Step one: Online chatting
Step two: face-to-face meeting
Step  three: Hehe, the full ads goes like this: "[性伴侣] 本人求一聊伴也可进步接触希望那个美女叫我！"  ([Sexual Partner] Looking for a chat mate.  I'm also open to the next step.   Hopefully, some hottie will give me a shout.)  It all but spells out  his goal of hitting a home run.


----------



## xiaolijie

wishonatrish said:


> I just heard this in conversation while (haha) eavesdropping on colleagues. What does it mean and how do you use it?
> 
> They were discussing business development plans.
> 
> I found this usage online too: "本人求一聊伴也可进步接触希望那个美女叫我！"
> Sorry I can't make a guess at what it means. :/



wishonatrish, I think we may be looking at 2 different phrases here:
What you heard in your colleagues coversation may be "进一步接触", which means "further contact" (as noun here, or other functions depending on the context).
And what you have in your quote from the internet may be "进步接触" (without "一"), which has sexual connotation.


----------



## 枫十二

As a Chinese, we like omitting: 
further contact ==> further( physical) contact
It seems that you don’t think in the way like us, or I misunderstand the meaning of further physical contact. Does *further physical contact* still have no sexual connotation ?Or I can't think in this way when I am speaking English?


----------



## Skatinginbc

接触 (contact, touch) can be gauged on an imaginary scale.  When one  "steps up a level" (进一步) in terms of extent (e.g., content range),  intensity (e.g., frequency), or mode (e.g., less intimate--on-line  chatting vs. more intimate--face-to-face meeting), it is called 进一步接触.


----------



## xiaolijie

feng12 said:


> further contact ==> further( physical) contact


When someone is too obsessed with sex, they can't see "contact" as anything else but "physical contact"


----------



## 枫十二

Even in Chinese,进一步接触 seldom mean further physical contact.But when you visit that website,you will add (physical) to it automatically.It is what's the website is! And I don't think 进步接触 is a correct phrase,Maybe it is a "clever" mistake!!!


----------



## xiaolijie

> And I don't think 进步接触 is a correct phrase,Maybe it is a "clever" mistake!!!

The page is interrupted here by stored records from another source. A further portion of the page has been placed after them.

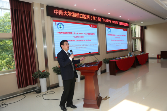 活动由科研部主任王月红主持,唐瞻贵院长、李奉华副院长、沈子华教授、陈晓婧教授以及学校国际交流处的老师们出席了活动。唐瞻贵院长在致辞中指出搭建“Happy hour”国际交流平台旨在建立国际化校园人文环境,促进多种文化的相互学习,提升taptap师生的国际化视野。同时,他希望通过该平台将“百年湘雅”的精神在中外学生中发扬光大。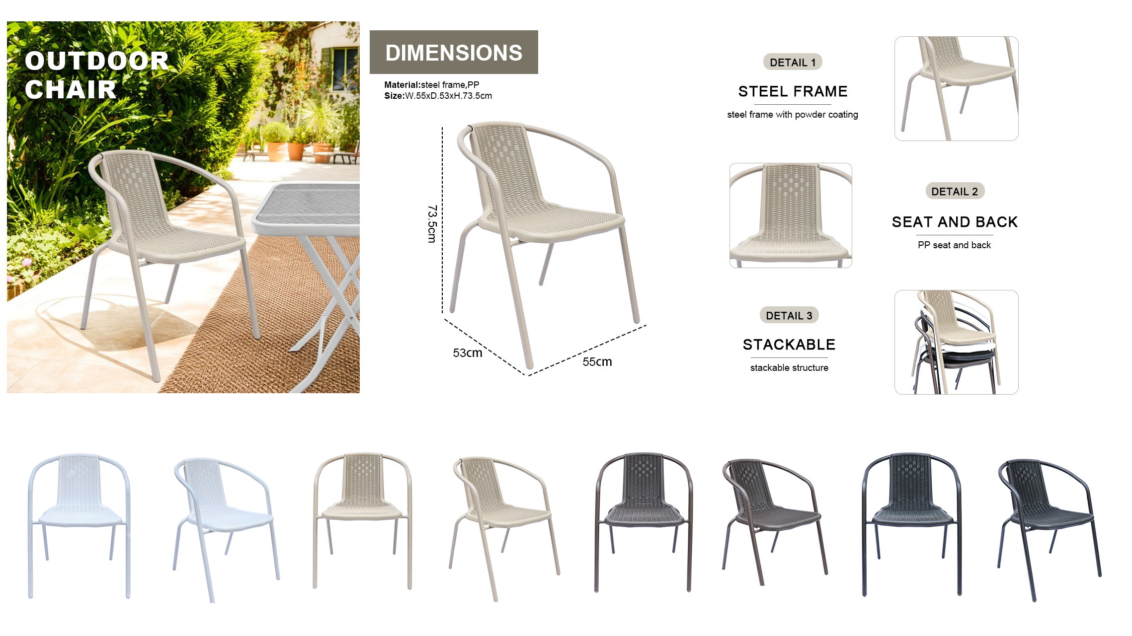 Outdoor Garden Steel Frame Stacking Patio Plastic Chairsteel ForPicnic Restaurante Plastic Chai WithPP Seat and Back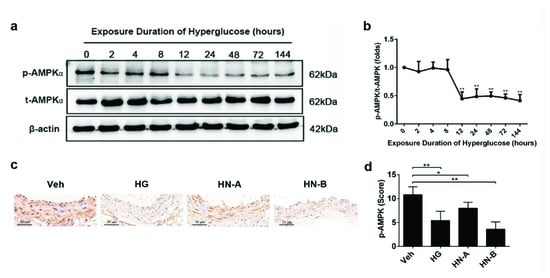 Adenosine monophosphate-activated kinase (AMPK) phosphorylation was suppressed during high-glucose-induced vascular injury both in vitro and in vivo. (a,b) AMPK phosphorylation in HUVECs with different high-glucose exposure times. Data are expressed as the mean ± SEM. n = 3 for each group. * p < 0.05, ** p < 0.01 vs. normal-glucose group (the 0 h group). (c,d) Immunohistochemical staining and quantification of p-eNOS on abdominal aortic sections. Data are expressed as the mean ± SEM. n = 6 for each group. * p < 0.05, ** p < 0.01 vs. control (the Veh group).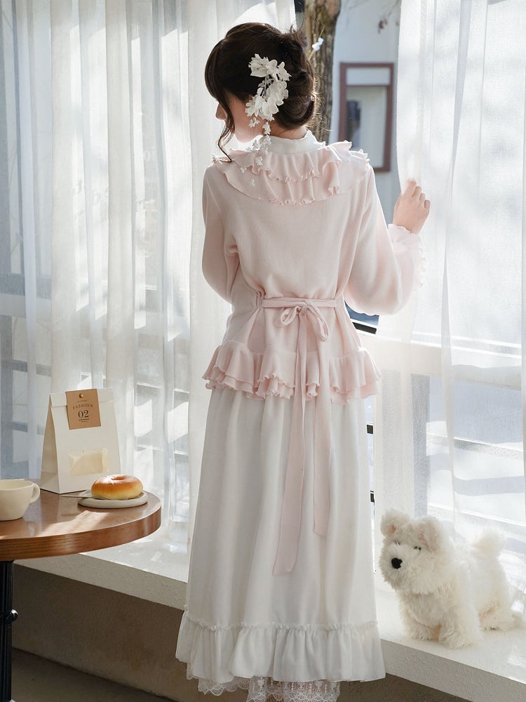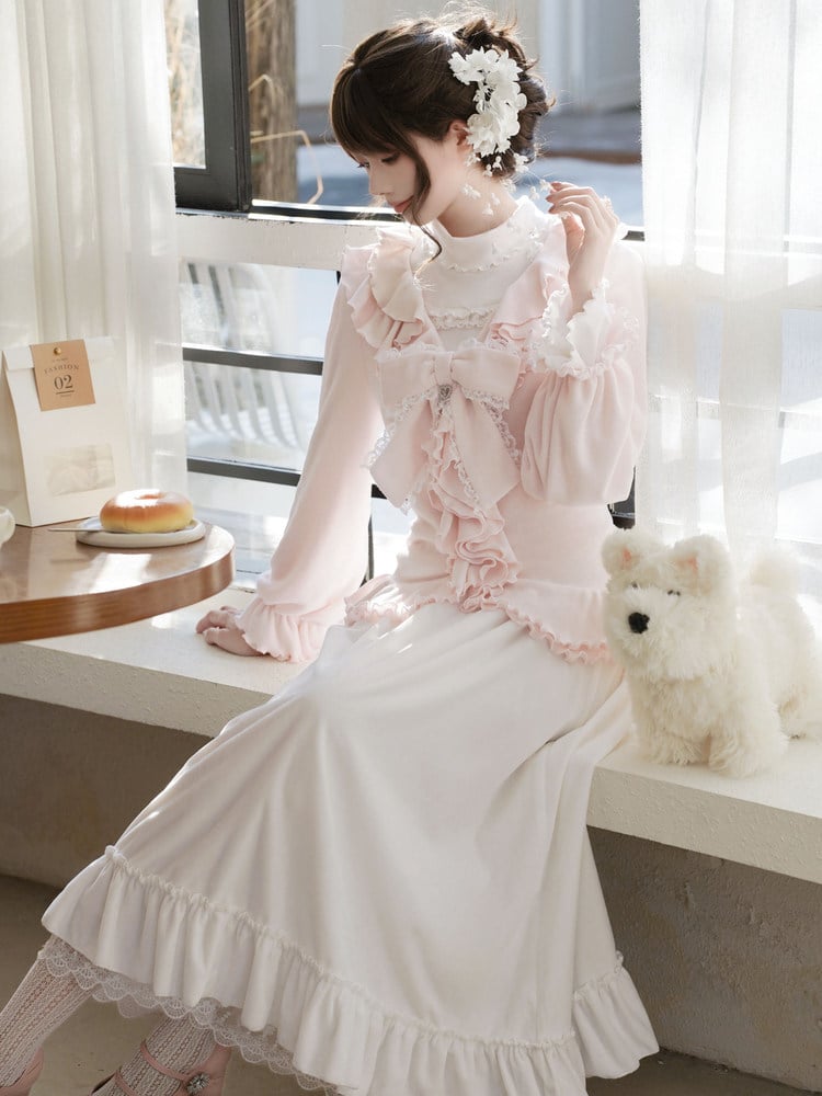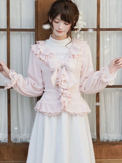 This is a Jirai Kei cardigan with pure sweet-gloomy vibes, featuring a soft mist pink base color and covered in ruffle details. The chest bow is the key sweet accent, with subtle gloomy atmosphere hidden in the delicate details. It has a loose silhouette that doesn’t feel bulky—layer it with camisoles or base layers for a layered look, or wear it alone for a delicate style, making it a practical overlay piece for daily sweet-gloomy outfits.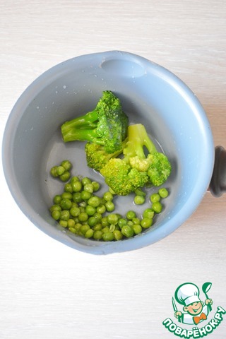 Брокколи и горошек (у меня замороженные) варите 2-3 минуты, затем откиньте на сито и облейте ледяной водой, дайте стечь воде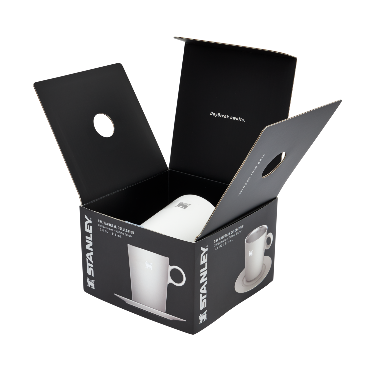There’s a non-slip silicone base on the Latte Mug and Stillness Saucer for a quiet. stay-still landing. The double-wall vacuum insulation keeps your drink nice and hot (or chilled) from the first sip to the last. And the circular handle makes the cup truly comfortable to hold.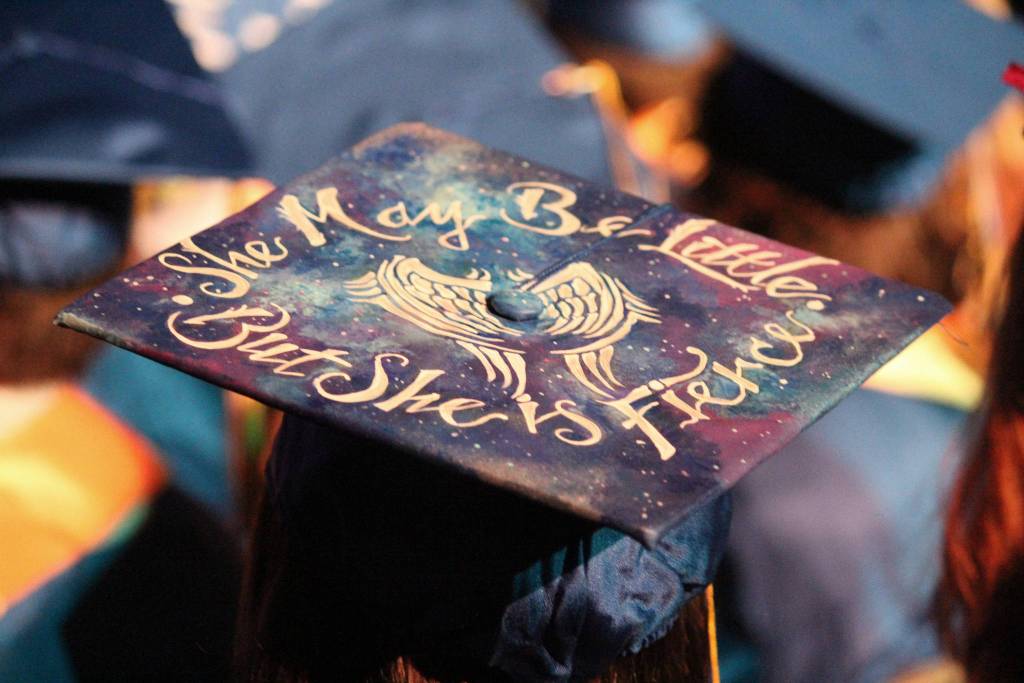 A Homer High School graduate with a cap decorated to say “She may be little, but she is fierce,” listens during the commencement ceremony for her graduating class Tuesday, May 22, 2018 at the school in Homer, Alaska. (Photo by Megan Pacer/Homer News)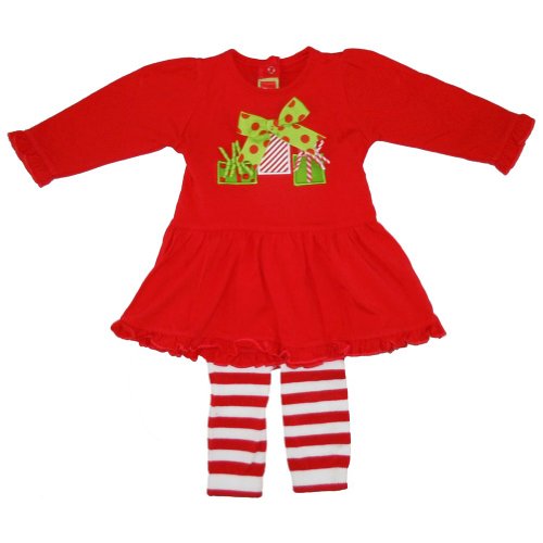 Santa Baby Red Holiday Dress and Striped Leggings (0-6 Months) |Mud Pie | Reviews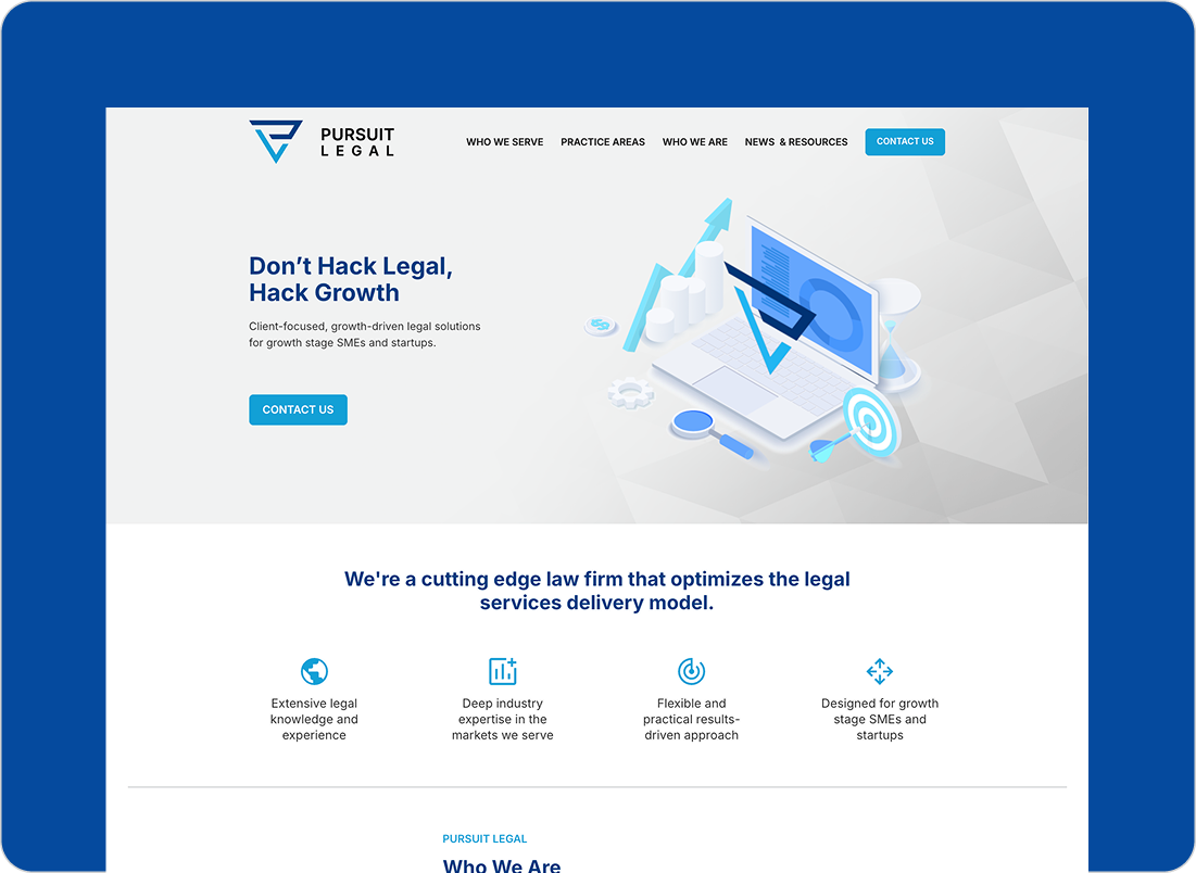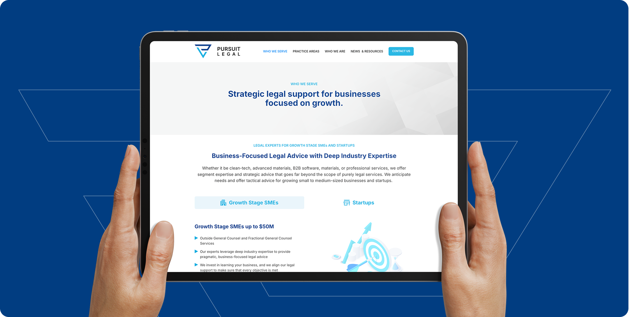 We partnered with Pursuit Legal from the ground up, delivering a complete brand and web launch:

Yes, if  "进步接触" is a mistake, then the mistake is deliberate to convey the intended meaning.


----------



## Skatinginbc

请你吃顿饭 ==> 吃顿饭 = 吃一頓飯
你先自己玩，待會兒我就會陪你 ==> 待會兒 = 待一會兒
谁要是惹上了他们，不死也得剥层皮 ==> 剥层皮 = 剥一层皮  
有时候回头看看，退步想想，亦不失为上策 ==> 退步想想 = 退一步想想
先生，可否借步说话? ==> 借步说话 = 借一步说话 

苏州市太平派出所: 「骗子常以复制SIM卡为诱饵，与事主进步接触后找寻机会骗取财物。」 (http://www.weibo.com/2133287284/y6MdMlrjw) 
「如果您认为我的情况合你的意，烦请将您的信息E-MAIL告诉我，若有意也许我们可以进步接触。祝好！」 (http://xian.qd8.com.cn/nanshizhenghun/xinxi20_47999.html).

I  remember the old days when newspapers charged for their ads service by  the number of words and so classifieds often employed a clipped way of  writing (i.e., telegram style).  I take 进步接触  in the OP's quote as an example of telegraphese rather than a mistake.


----------



## SuperXW

I would consider it a minor mistake, just it doesn't matter too much. The common expression 进一步说话 is relatively fixed, but when people talk fast, the sound of 一 could be weakened. 进步 has the more common meaning, "getting better".


----------